● Action item: All entries are to be returned verbatim.

*** Opening of Data listing ***

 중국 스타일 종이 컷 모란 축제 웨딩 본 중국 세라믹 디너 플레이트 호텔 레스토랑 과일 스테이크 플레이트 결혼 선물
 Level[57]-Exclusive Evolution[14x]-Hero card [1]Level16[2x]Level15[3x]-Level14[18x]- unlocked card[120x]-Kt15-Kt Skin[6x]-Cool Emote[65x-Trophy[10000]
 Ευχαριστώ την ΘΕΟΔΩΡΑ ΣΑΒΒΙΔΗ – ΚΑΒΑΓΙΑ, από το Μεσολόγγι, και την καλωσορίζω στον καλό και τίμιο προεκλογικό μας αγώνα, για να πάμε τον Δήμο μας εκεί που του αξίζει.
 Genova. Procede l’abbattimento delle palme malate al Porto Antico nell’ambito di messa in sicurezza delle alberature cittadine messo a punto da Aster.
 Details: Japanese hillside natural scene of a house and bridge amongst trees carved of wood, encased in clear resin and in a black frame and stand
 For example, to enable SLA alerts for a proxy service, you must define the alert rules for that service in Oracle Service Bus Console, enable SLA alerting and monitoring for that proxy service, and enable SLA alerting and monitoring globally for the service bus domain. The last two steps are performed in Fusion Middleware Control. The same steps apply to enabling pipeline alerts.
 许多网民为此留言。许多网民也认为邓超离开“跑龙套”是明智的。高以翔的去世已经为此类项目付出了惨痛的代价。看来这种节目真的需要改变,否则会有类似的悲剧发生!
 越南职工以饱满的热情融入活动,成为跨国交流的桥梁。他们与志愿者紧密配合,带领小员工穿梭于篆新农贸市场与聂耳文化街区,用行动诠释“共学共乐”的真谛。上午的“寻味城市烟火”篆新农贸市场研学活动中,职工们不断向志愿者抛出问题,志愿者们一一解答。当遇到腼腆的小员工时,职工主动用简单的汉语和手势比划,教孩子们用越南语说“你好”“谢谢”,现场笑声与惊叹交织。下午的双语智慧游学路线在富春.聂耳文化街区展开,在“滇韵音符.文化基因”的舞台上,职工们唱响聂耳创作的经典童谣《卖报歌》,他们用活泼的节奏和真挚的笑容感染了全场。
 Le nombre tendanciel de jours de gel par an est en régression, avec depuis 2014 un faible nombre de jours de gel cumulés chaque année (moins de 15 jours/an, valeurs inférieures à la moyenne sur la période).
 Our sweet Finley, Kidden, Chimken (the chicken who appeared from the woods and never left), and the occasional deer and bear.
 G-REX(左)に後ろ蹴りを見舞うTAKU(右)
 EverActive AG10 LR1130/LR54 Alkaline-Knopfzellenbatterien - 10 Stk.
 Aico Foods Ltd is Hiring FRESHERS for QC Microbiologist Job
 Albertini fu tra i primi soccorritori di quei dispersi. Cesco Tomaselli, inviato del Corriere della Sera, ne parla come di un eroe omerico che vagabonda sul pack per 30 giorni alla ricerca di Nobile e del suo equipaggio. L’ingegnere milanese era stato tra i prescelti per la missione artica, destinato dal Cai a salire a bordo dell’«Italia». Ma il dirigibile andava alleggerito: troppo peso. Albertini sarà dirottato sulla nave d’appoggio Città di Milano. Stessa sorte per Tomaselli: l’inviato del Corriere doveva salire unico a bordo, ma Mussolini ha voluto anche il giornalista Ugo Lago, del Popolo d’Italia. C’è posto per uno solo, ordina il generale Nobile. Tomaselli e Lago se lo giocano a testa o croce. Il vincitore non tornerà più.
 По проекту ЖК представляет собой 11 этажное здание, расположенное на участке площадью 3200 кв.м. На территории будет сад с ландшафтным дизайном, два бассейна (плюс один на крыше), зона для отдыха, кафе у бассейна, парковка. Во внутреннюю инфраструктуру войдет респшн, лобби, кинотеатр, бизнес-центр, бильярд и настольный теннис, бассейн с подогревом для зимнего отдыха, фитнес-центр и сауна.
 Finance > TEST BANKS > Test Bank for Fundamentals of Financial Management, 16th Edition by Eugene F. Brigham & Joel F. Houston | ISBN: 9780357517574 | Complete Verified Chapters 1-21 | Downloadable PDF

*** Close of Data listing ***

● Exercise answer:
 중국 스타일 종이 컷 모란 축제 웨딩 본 중국 세라믹 디너 플레이트 호텔 레스토랑 과일 스테이크 플레이트 결혼 선물
 Level[57]-Exclusive Evolution[14x]-Hero card [1]Level16[2x]Level15[3x]-Level14[18x]- unlocked card[120x]-Kt15-Kt Skin[6x]-Cool Emote[65x-Trophy[10000]
 Ευχαριστώ την ΘΕΟΔΩΡΑ ΣΑΒΒΙΔΗ – ΚΑΒΑΓΙΑ, από το Μεσολόγγι, και την καλωσορίζω στον καλό και τίμιο προεκλογικό μας αγώνα, για να πάμε τον Δήμο μας εκεί που του αξίζει.
 Genova. Procede l’abbattimento delle palme malate al Porto Antico nell’ambito di messa in sicurezza delle alberature cittadine messo a punto da Aster.
 Details: Japanese hillside natural scene of a house and bridge amongst trees carved of wood, encased in clear resin and in a black frame and stand
 For example, to enable SLA alerts for a proxy service, you must define the alert rules for that service in Oracle Service Bus Console, enable SLA alerting and monitoring for that proxy service, and enable SLA alerting and monitoring globally for the service bus domain. The last two steps are performed in Fusion Middleware Control. The same steps apply to enabling pipeline alerts.
 许多网民为此留言。许多网民也认为邓超离开“跑龙套”是明智的。高以翔的去世已经为此类项目付出了惨痛的代价。看来这种节目真的需要改变,否则会有类似的悲剧发生!
 越南职工以饱满的热情融入活动,成为跨国交流的桥梁。他们与志愿者紧密配合,带领小员工穿梭于篆新农贸市场与聂耳文化街区,用行动诠释“共学共乐”的真谛。上午的“寻味城市烟火”篆新农贸市场研学活动中,职工们不断向志愿者抛出问题,志愿者们一一解答。当遇到腼腆的小员工时,职工主动用简单的汉语和手势比划,教孩子们用越南语说“你好”“谢谢”,现场笑声与惊叹交织。下午的双语智慧游学路线在富春.聂耳文化街区展开,在“滇韵音符.文化基因”的舞台上,职工们唱响聂耳创作的经典童谣《卖报歌》,他们用活泼的节奏和真挚的笑容感染了全场。
 Le nombre tendanciel de jours de gel par an est en régression, avec depuis 2014 un faible nombre de jours de gel cumulés chaque année (moins de 15 jours/an, valeurs inférieures à la moyenne sur la période).
 Our sweet Finley, Kidden, Chimken (the chicken who appeared from the woods and never left), and the occasional deer and bear.
 G-REX(左)に後ろ蹴りを見舞うTAKU(右)
 EverActive AG10 LR1130/LR54 Alkaline-Knopfzellenbatterien - 10 Stk.
 Aico Foods Ltd is Hiring FRESHERS for QC Microbiologist Job
 Albertini fu tra i primi soccorritori di quei dispersi. Cesco Tomaselli, inviato del Corriere della Sera, ne parla come di un eroe omerico che vagabonda sul pack per 30 giorni alla ricerca di Nobile e del suo equipaggio. L’ingegnere milanese era stato tra i prescelti per la missione artica, destinato dal Cai a salire a bordo dell’«Italia». Ma il dirigibile andava alleggerito: troppo peso. Albertini sarà dirottato sulla nave d’appoggio Città di Milano. Stessa sorte per Tomaselli: l’inviato del Corriere doveva salire unico a bordo, ma Mussolini ha voluto anche il giornalista Ugo Lago, del Popolo d’Italia. C’è posto per uno solo, ordina il generale Nobile. Tomaselli e Lago se lo giocano a testa o croce. Il vincitore non tornerà più.
 По проекту ЖК представляет собой 11 этажное здание, расположенное на участке площадью 3200 кв.м. На территории будет сад с ландшафтным дизайном, два бассейна (плюс один на крыше), зона для отдыха, кафе у бассейна, парковка. Во внутреннюю инфраструктуру войдет респшн, лобби, кинотеатр, бизнес-центр, бильярд и настольный теннис, бассейн с подогревом для зимнего отдыха, фитнес-центр и сауна.
 Finance > TEST BANKS > Test Bank for Fundamentals of Financial Management, 16th Edition by Eugene F. Brigham & Joel F. Houston | ISBN: 9780357517574 | Complete Verified Chapters 1-21 | Downloadable PDF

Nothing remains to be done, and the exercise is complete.